Support Questions
Find answers, ask questions, and share your expertise
Announcements
Check out our newest addition to the community, the Cloudera Innovation Accelerator group hub.

Filter OUT Null from all columns

New Contributor

Hi Guys,

My sample file has 27 columns with INT and Chararray data types.

My requirement is to filter out all the null values which are present in these columns

What I am trying to do is this,

Sample_fil = FILTER Adzone by (Div is not null) and (Zone_yak is not null) and (ProdGroup is not null) and (Zonename is not null) and (Store_fruit is not null) and (Comp_Zone is not null) and (Department is not null);

This script is only for the first 7 columns only. I can write the same script even for the rest of the columns but I am looking for a way to optimize the script. My sample file has 12 Integer datatype and the rest are Chararray.

Please give your suggestions.

Regards,

Pradeep.

1 ACCEPTED SOLUTION

User Defined Functions (UDF) come to the rescue. Search for "Filter Functions" in http://pig.apache.org/docs/r0.15.0/udf.html and you'll see a rough example of how to do this. Now, your "isEmpty" (or whatever you call the function) will be implemented differently. In your's, you would need to walk each element and check for null. If all of the row's (called "input" in that example UDF) fields are null then you can ultimately return a boolean value that can be used in your code (after you build the UDF).

If this is your first Pig UDF, there are plenty of examples on the internet; including mine at https://martin.atlassian.net/wiki/x/C4BRAQ. Good luck!

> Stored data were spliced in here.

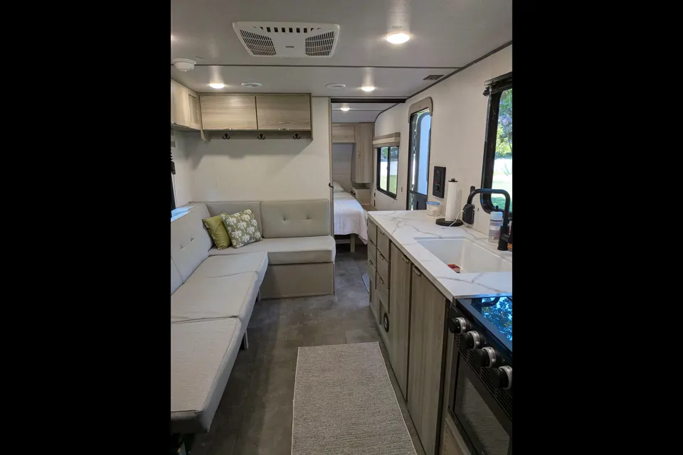 In the main living area, we have a sectional sofa that converts to a double bed. A folding dining table is stored below. Our well-stocked kitchen features a large window, TV/dvd, residential size sink, extra counter space, oversized refrigerator and freezer, 3 burner stove, microwave/convection oven, Keurig coffee maker with complimentary coffee, lots of drawer space and a pantry cabinet.
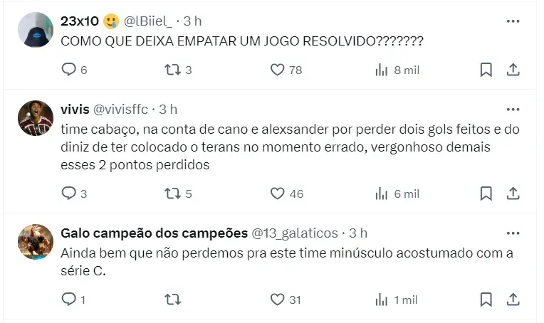 O técnico do Fluminense, Fernando Diniz, fez uma análise detalhada do empate por 2 a 2 contra o Atlético-MG, ocorrido em Cariacica pela 5ª rodada do Campeonato Brasileiro.
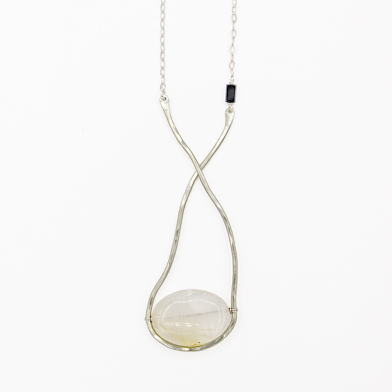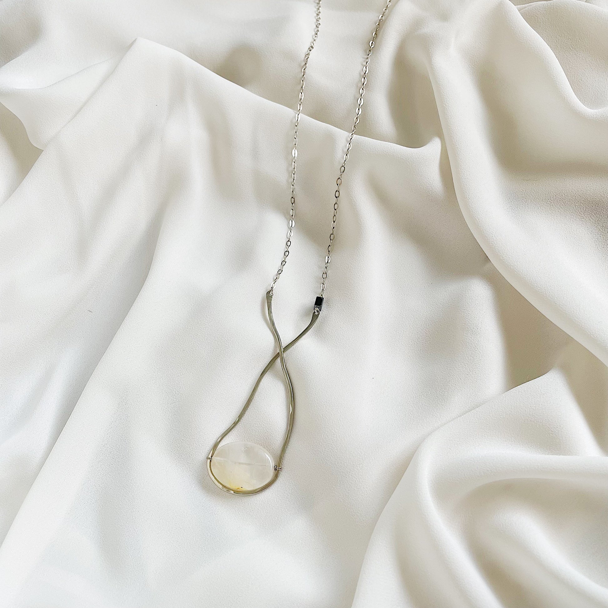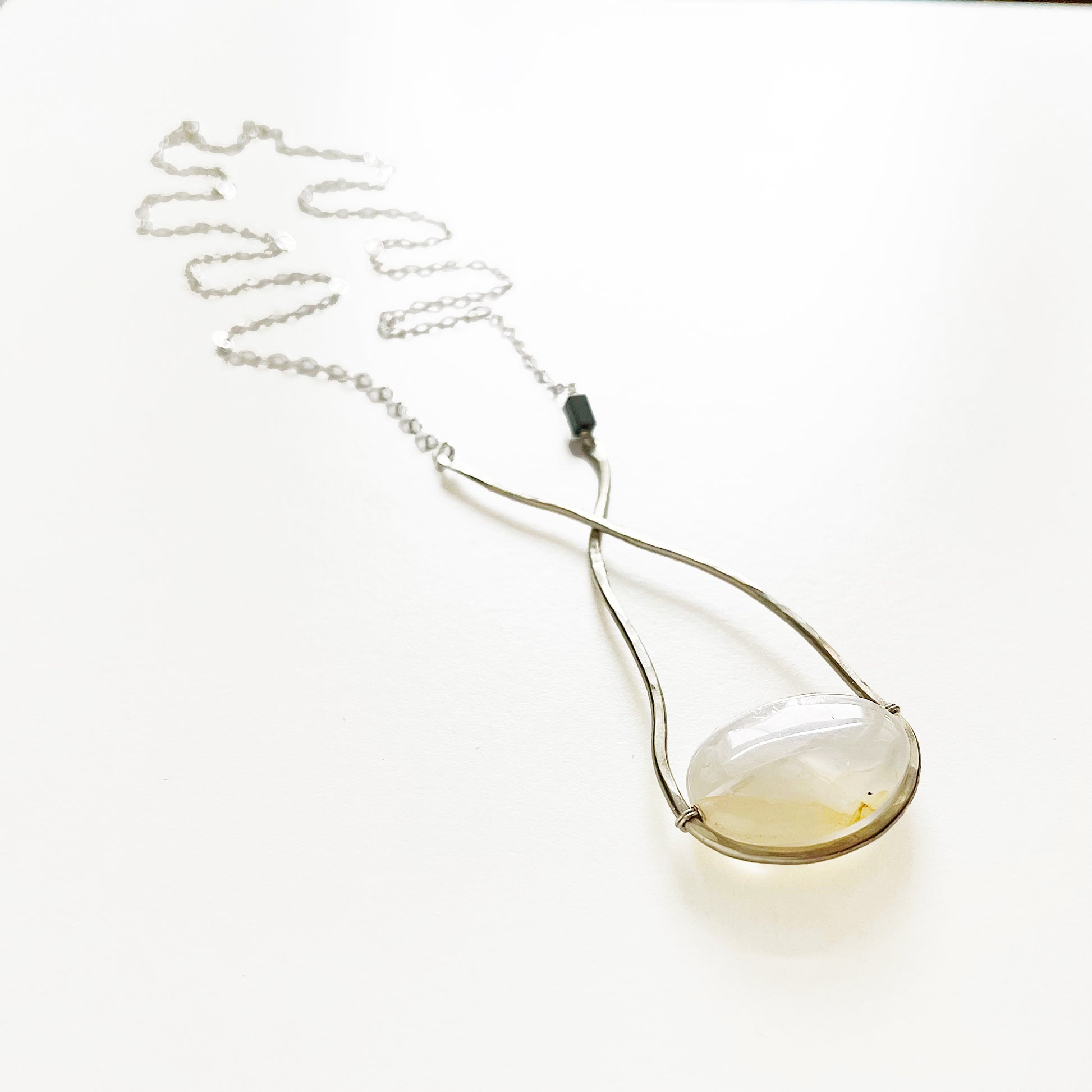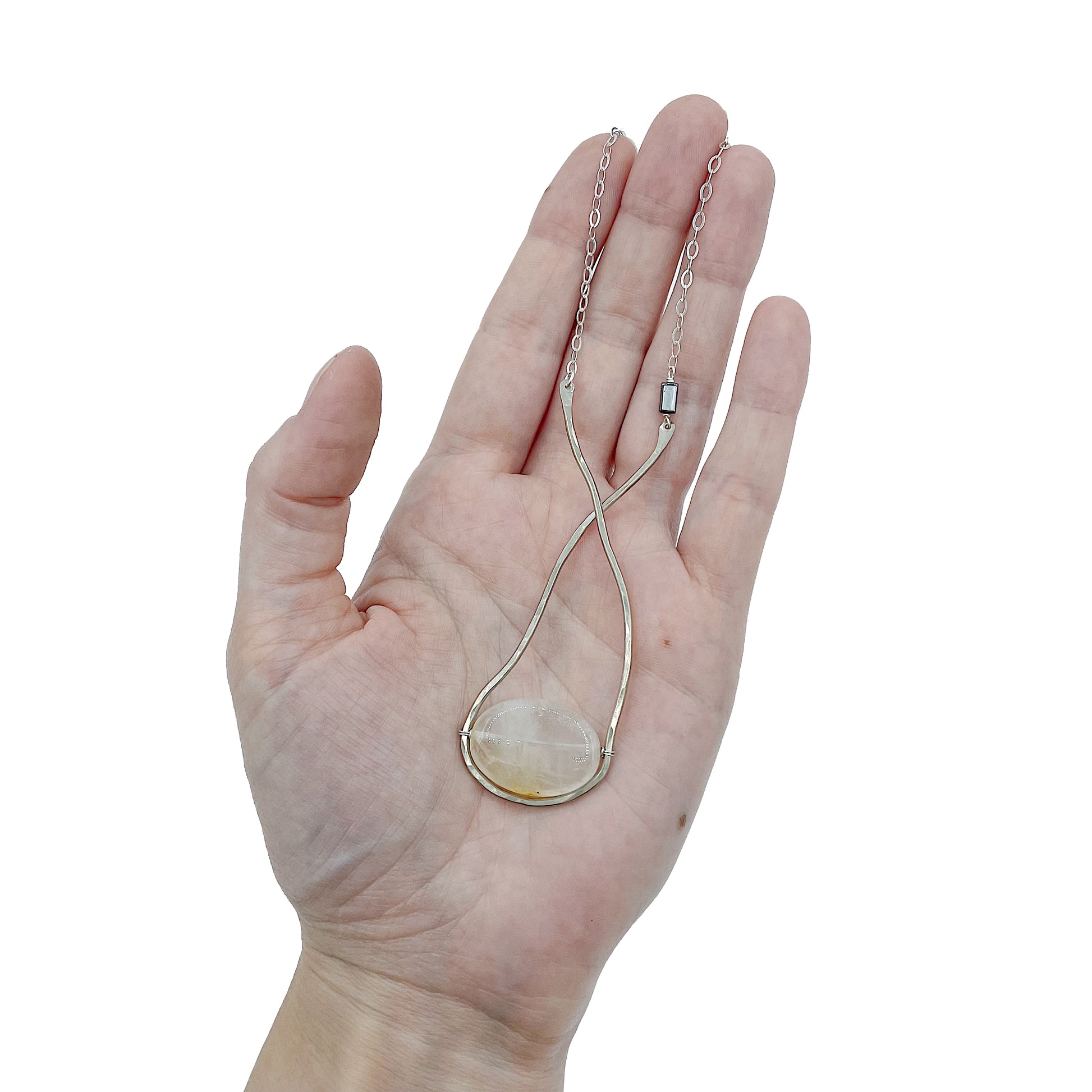 The Sinope Necklace: clear/tan/orange citrine with hematite, organic hammered freeform shape in German silver met with sterling silver chain, create this neutral statement piece.

View solution in original post

3 REPLIES 3

User Defined Functions (UDF) come to the rescue. Search for "Filter Functions" in http://pig.apache.org/docs/r0.15.0/udf.html and you'll see a rough example of how to do this. Now, your "isEmpty" (or whatever you call the function) will be implemented differently. In your's, you would need to walk each element and check for null. If all of the row's (called "input" in that example UDF) fields are null then you can ultimately return a boolean value that can be used in your code (after you build the UDF).

If this is your first Pig UDF, there are plenty of examples on the internet; including mine at https://martin.atlassian.net/wiki/x/C4BRAQ. Good luck!

Its better to make use of UDFs in this condition. Check the below link, it has a UDF for the same,

http://stackoverflow.com/questions/12959001/how-to-filter-records-with-a-null-value-in-pig

Hope this helps.

Regards,

Arun

New Contributor

Ya I have seen this already, I was just wondering if there was a better way to do it. Thanks anyway.